CTIM-12. RANDOMIZED PHASE 2 STUDY OF NIVOLUMAB (NIVO) PLUS EITHER STANDARD OR REDUCED DOSE BEVACIZUMAB (BEV) IN RECURRENT GLIOBLASTOMA (rGBM)

Abstract

Abstract BACKGROUND Trials with anti-PD1 in rGBM have shown limited efficacy. VEGF is highly upregulated proangiogenic growth factor in GBM contributing to tumor-associated immunosuppression. Preclinical data suggests a potential dose effect of anti-VEGF therapy on immunomodulation. Hence, a combination of anti-PD1 and anti-VEGF may be a promising approach in rGBM. METHODS 90 patients with first-recurrent GBM were randomized (1:1) to nivolumab (240 mg IV Q2 weeks) and bevacizumab at standard (10 mg/kg; Arm A) or low dose (3 mg/kg; Arm B) IV Q2 weeks. Eligibility also required KPS≥ 70% and dexamethasone ≤ 4 mg/day. Stratification included extent of resection, age, performance status and MGMT methylation status. Single cell RNA sequencing with CITE-seq was used to analyze blood samples from pre- and 8 weeks post-treatment among 8 responders and 8 non-responders. RESULTS 90 patients were enrolled (May 2018- Jan 2020) and median follow-up is 7.5 months. Characteristics in 2 arms were comparable. Median age was 60.5 years (range 27–86), median KPS was 80. 35 patients were MGMT methylated, 53 unmethylated and 2 indeterminate.

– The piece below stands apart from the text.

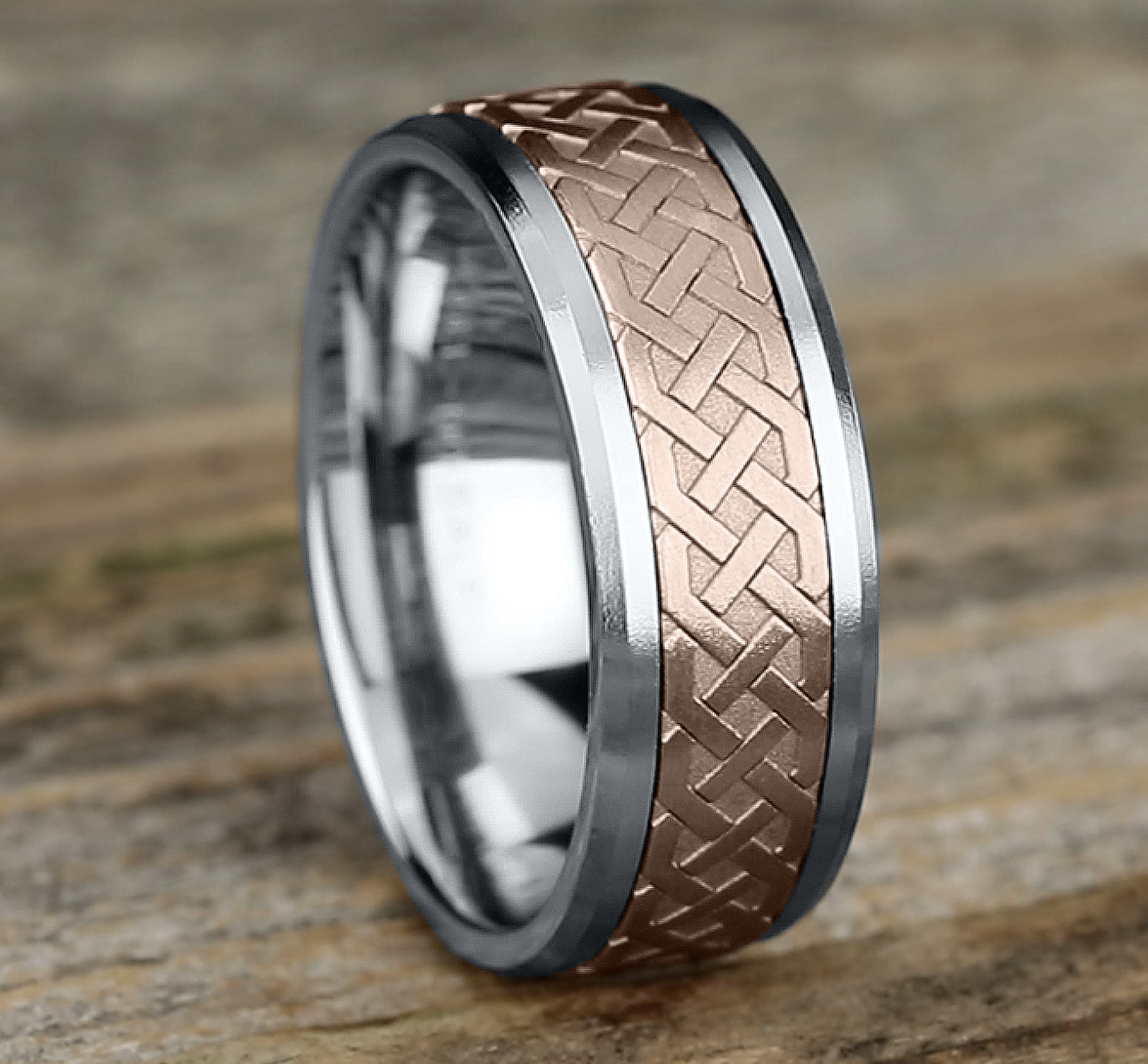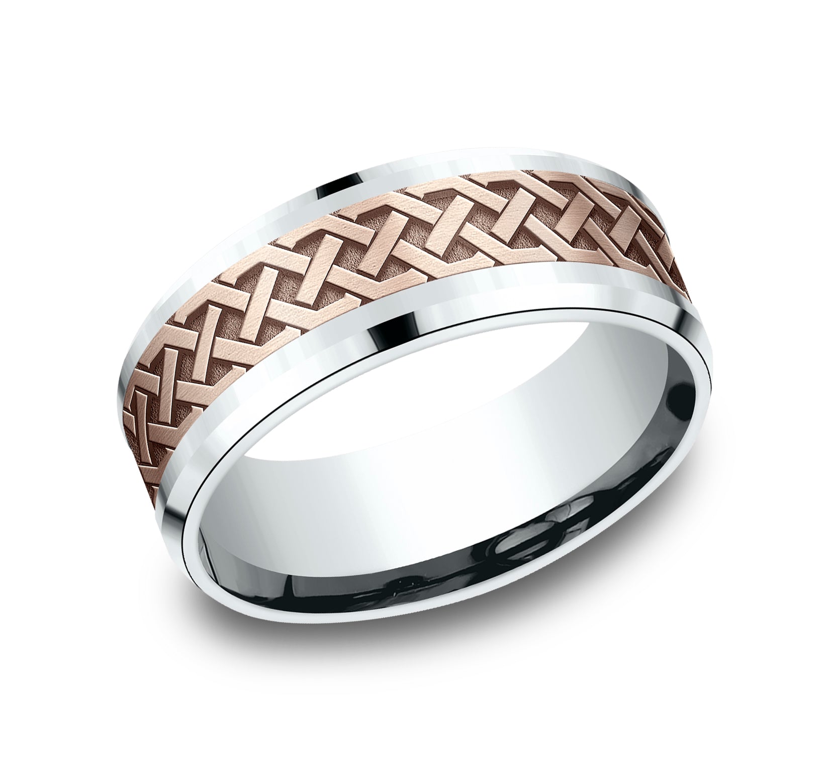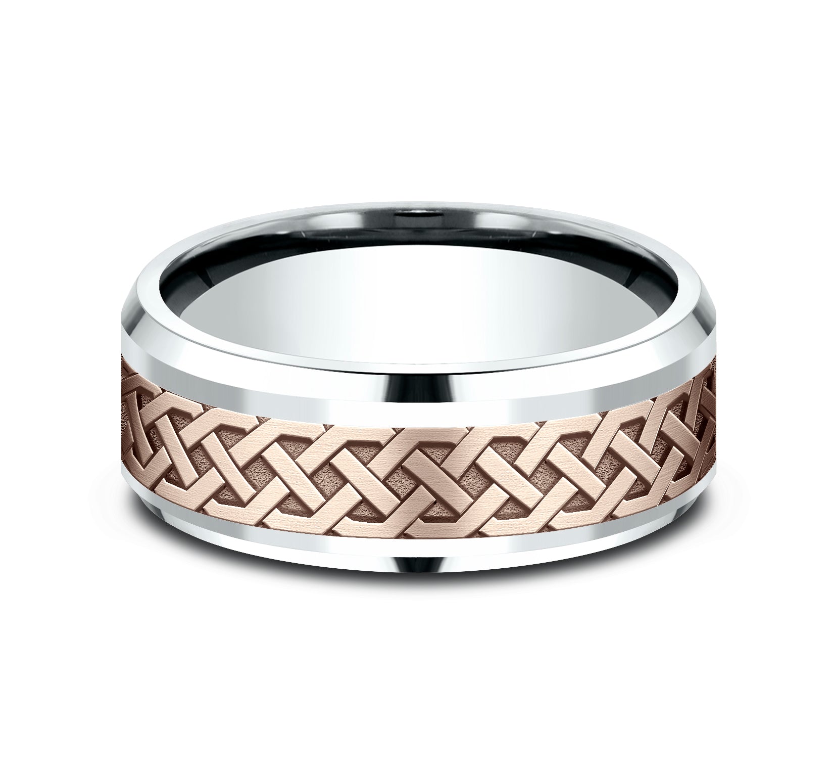 8mm, Comfort fit 14K White and Rose Gold Celtic knot patterned center, bevel edges

Estimated progression free survival (PFS) and median overall survival (OS) in arm A are 6.13 and 10.85 months and 4.59 and 9.61 months in Arm B, respectively. Single cell RNA sequencing with CITE-seq was used to analyze blood samples from 16 patients, baseline and 8 weeks post treatment. Standard dose bevacizumab treated patients had decreased myeloid derived suppressor cells and an inflammatory response gene signature at 8 weeks. Most frequent toxicities included fatigue (52.8%), headache (32.6%), diarrhea (31.5%), proteinuria (25.8) and hypertension (23.6%). Toxicity was comparable between 2 arms, except hypertension was more common in arm A. CONCLUSIONS PFS and OS rates appear similar for nivolumab with either standard or low-dose bevacizumab compared to historical benchmarks of bevacizumab monotherapy. Ongoing response evaluation and immunocorrelative data will be presented.